▶ _AIM OF THE TASK_
Reproduce every line of the data, exactly and without its pictures.

▶ _DATA BLOCK_
^^^^

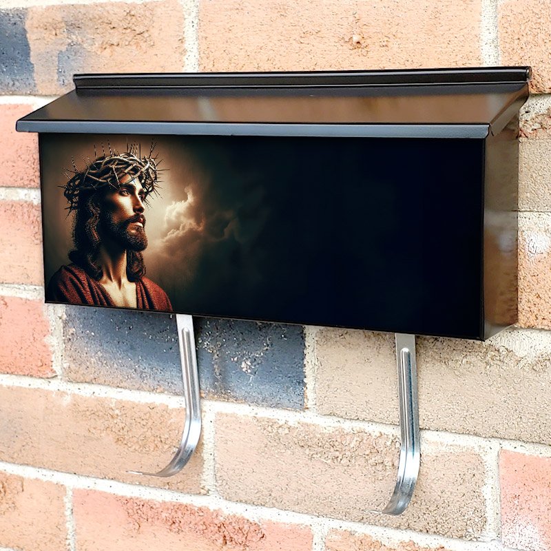 Applying your Jesus Christ Wearing A Crown Of Thorns 2 townhouse / ranch mailbox cover it’s pretty easy to convert your mailbox to a special and unique item. These covers require a flat surface, so they work with townhouse / ranch mailboxes that do not have any embossed decoration or signs. Magnetic mailbox covers work with steel boxes, for aluminum and plastic boxes we offer the self-adhesive vinyl covers. In case your mailbox doesn’t work with these covers, you can purchase the preinstalled cover on a brand new mailbox as well. Also, you can create your custom townhouse / ranch mailbox cover using you own pictures, adding your name, street number, etc.
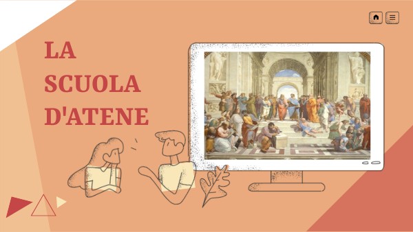 I due personaggi centrali sono Aristotele e Platone, il primo indica il cielo, ricordando che secondo le sue concezioni il mondo non è che una brutta copia di una realtà ideale e superiore, il secondo ,con un braccio, teso davanti a sè, vuole significare che l'unica realtà possibile è quella concreta in cui viviamo, quella sensibile, cioè percepibile dai nostri sensi. Raffaello ha voluto rappresentare i personaggi con caratteristiche fisiche simili a quelle degli artisti che conosceva. Infatti Platone dovrebbe essere Leonardo. Altri personaggi come Euclide che è ritratto come Bramante, che è chinato a tracciare disegni geometrici con le sèste. Eraclito che è Michelagelo, il quale annota qualcosa su un foglio su un blocco marmoreo.
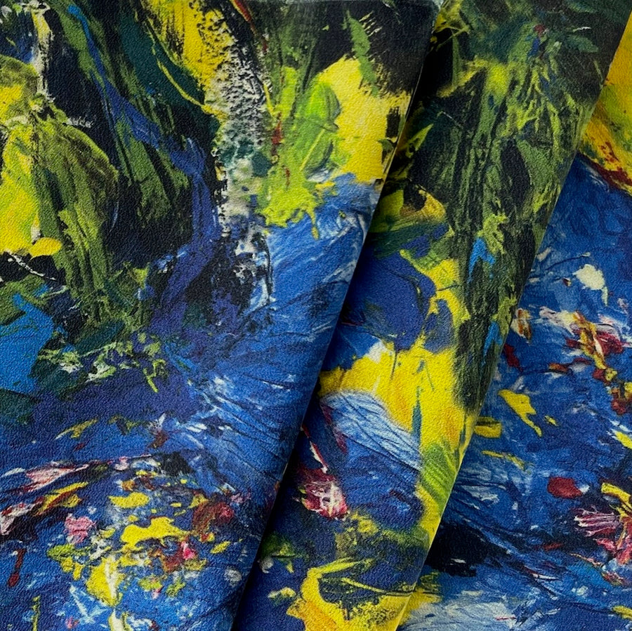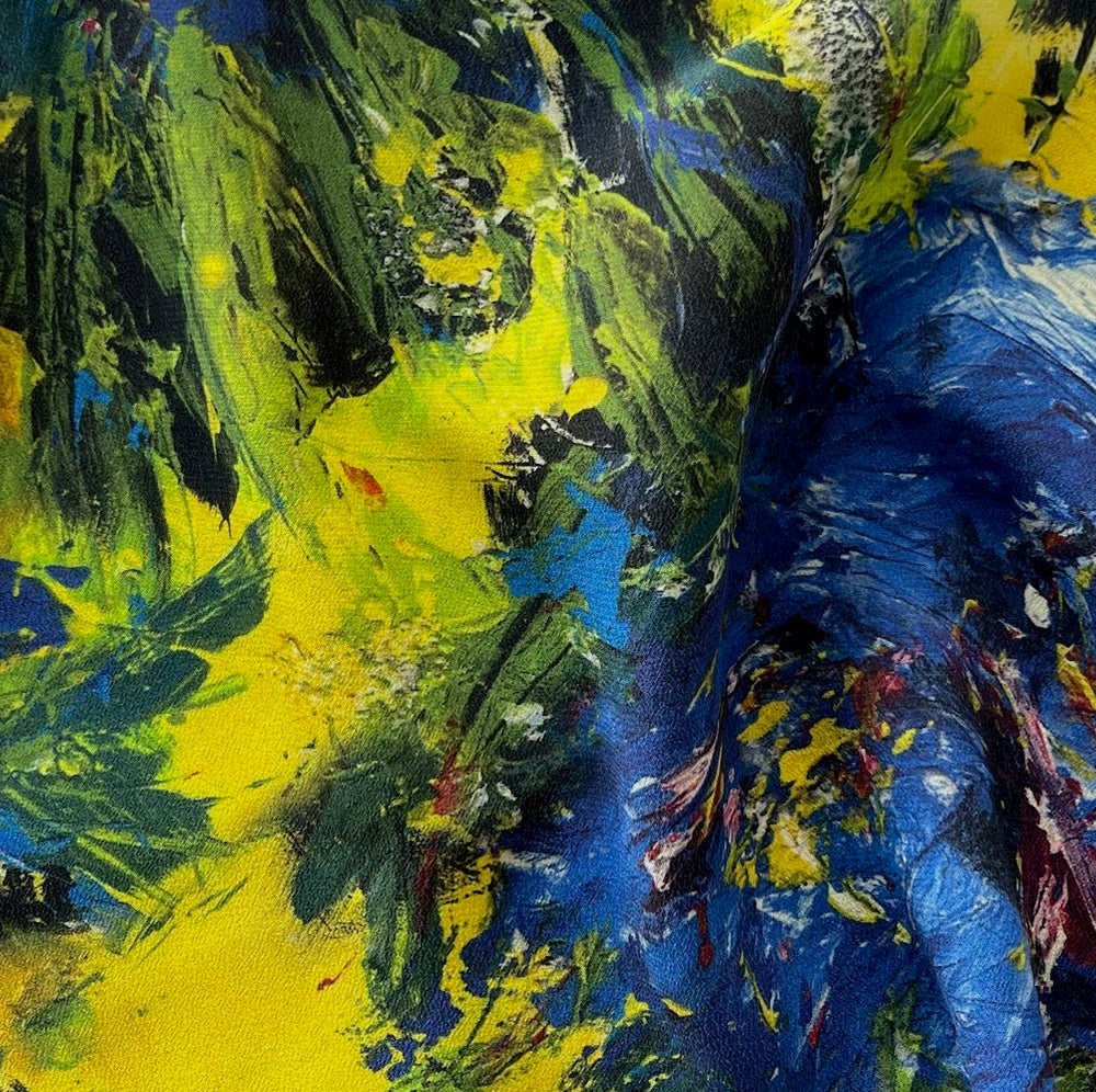 A high-end silk crepe de chine in a movement-filled, dramatic painterly print of cobalt and bumblebee yellow flowers, with green and black accents - this tightly woven, fluid silk is perfect for blouses, caftans, light robes, or wide-legged pants. Made in Italy. 100% silk. 54" wide.

^^^^

▶ _RESPONSE_
 Applying your Jesus Christ Wearing A Crown Of Thorns 2 townhouse / ranch mailbox cover it’s pretty easy to convert your mailbox to a special and unique item. These covers require a flat surface, so they work with townhouse / ranch mailboxes that do not have any embossed decoration or signs. Magnetic mailbox covers work with steel boxes, for aluminum and plastic boxes we offer the self-adhesive vinyl covers. In case your mailbox doesn’t work with these covers, you can purchase the preinstalled cover on a brand new mailbox as well. Also, you can create your custom townhouse / ranch mailbox cover using you own pictures, adding your name, street number, etc.
 I due personaggi centrali sono Aristotele e Platone, il primo indica il cielo, ricordando che secondo le sue concezioni il mondo non è che una brutta copia di una realtà ideale e superiore, il secondo ,con un braccio, teso davanti a sè, vuole significare che l'unica realtà possibile è quella concreta in cui viviamo, quella sensibile, cioè percepibile dai nostri sensi. Raffaello ha voluto rappresentare i personaggi con caratteristiche fisiche simili a quelle degli artisti che conosceva. Infatti Platone dovrebbe essere Leonardo. Altri personaggi come Euclide che è ritratto come Bramante, che è chinato a tracciare disegni geometrici con le sèste. Eraclito che è Michelagelo, il quale annota qualcosa su un foglio su un blocco marmoreo.
 A high-end silk crepe de chine in a movement-filled, dramatic painterly print of cobalt and bumblebee yellow flowers, with green and black accents - this tightly woven, fluid silk is perfect for blouses, caftans, light robes, or wide-legged pants. Made in Italy. 100% silk. 54" wide.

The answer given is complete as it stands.